# best time to apply for job as auditor



## tracy (May 24, 2012)

Hi there everyone!

I intend to come to Melbourne and im a qualified ACCA acountant and working currently as Ass. Manager in a 2nd tier Audit firm with about 6/7yrs experience in A*uditing *and accounting.

The thing is im not too sure when is the best time to come to Australia.. heard that in dec & jan things are bit slow for in general for recruitement etc. cos of the festive season ..

Anyone could advise when is best time to come to apply for jobs and increase my chance of getting one as quickly as possible? Would that be reasonable &realistic to get a job in auditing within 3months budget?

When is normally the recruitment period for audit firms? How is the job market at the moment for accountants/auditors?

Would September or October be best? or mid Jan 2013? Hoping to hear from anyone soon... 

Cheers 
Tracy


----------



## Boboa (Mar 24, 2009)

Usually March-May best times. Australian FY ends in June and that's when everyone needs auditors to come and do the thing. Usually recruitment drive starts before that. 
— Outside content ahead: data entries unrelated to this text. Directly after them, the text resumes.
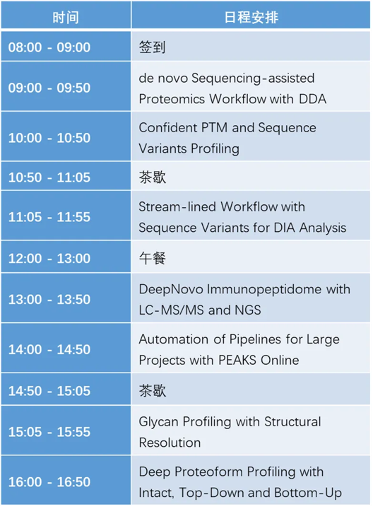 培訓(xùn)班期間每位學(xué)員提供午餐和茶點,以及培訓(xùn)班期間的PEAKS Studio軟件免費試用。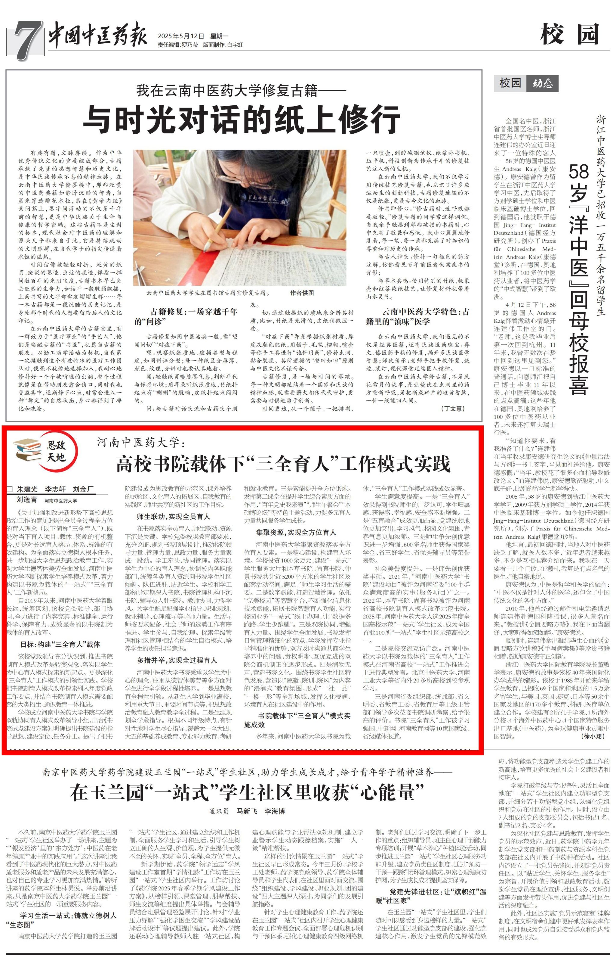 (二)社会美誉度提升。一是评先创优获奖丰硕。2021年,“乐动网页版登录入口,乐动(中国)‘书院’建设项目”被评为河南省委“100个群众满意度高的实事(服务项目)”之一。2022年,本草书院、尚真书院被评为河南省高校书院制育人模式改革示范书院。2025年,乐动网页版登录入口,乐动(中国)入选2025年度全国高校示范“一站式”学生社区,成为全国首批100所“一站式”学生社区示范高校之一。二是院校交流互访广泛。乐动网页版登录入口,乐动(中国)以书院为载体的“三全育人”工作模式在全省高校“一站式”工作推进会上进行典型发言。北京中医药大学、河南工业大学等省内外20多所高校到校参观学习。三是省委组织部、省委统战部、省文明委、省教育工委、省教育厅等上级主管部门领导多次莅临书院调研考察,给予很高的评价。书院“三全育人”工作被学习强国、中新网、河南教育网等10家国家级、省级媒体报道。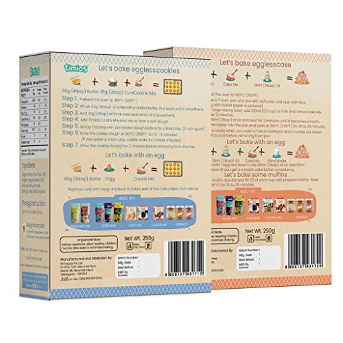 • Timios Cookie Mix-Loads of healthy goodness: Made with multigrains and jaggery Timios Bake mixes are rich in Protein Iron and Calcium.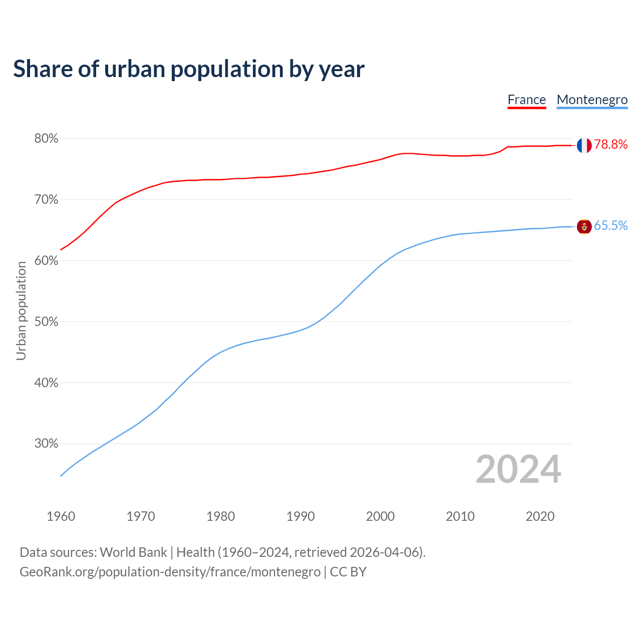 From 2004 to 2024, the share of urban population changed from 77.5% to 78.8% in France and from 62.2% to 65.5% in Montenegro.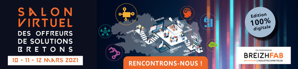 Afin d’accélérer l’intégration des technologies de l’Industrie du Futur dans les entreprises bretonnes : TPE-PME et grandes entreprises de toutes filières industrielles, Breizh Fab et l’ensemble des pôles de compétitivité bretons vous proposent un évènement inédit 100% digital, du 10 au 12 mars 2021 !

If you have a strong résumé you should start applying now. They can provide an offer before you land so you have everything ready 

This is not an immigration advice


----------



## tracy (May 24, 2012)

Hi Boboa
Thanks for ur reply.. Very nice of u to take the time to give some feedback to so many posts.. 
I'm still hesitating when to come cos my deadline is in jan so can't come in march like u recommended. 
Yes will try to apply from offshore.. 

Anyone auditors or accountants here??


----------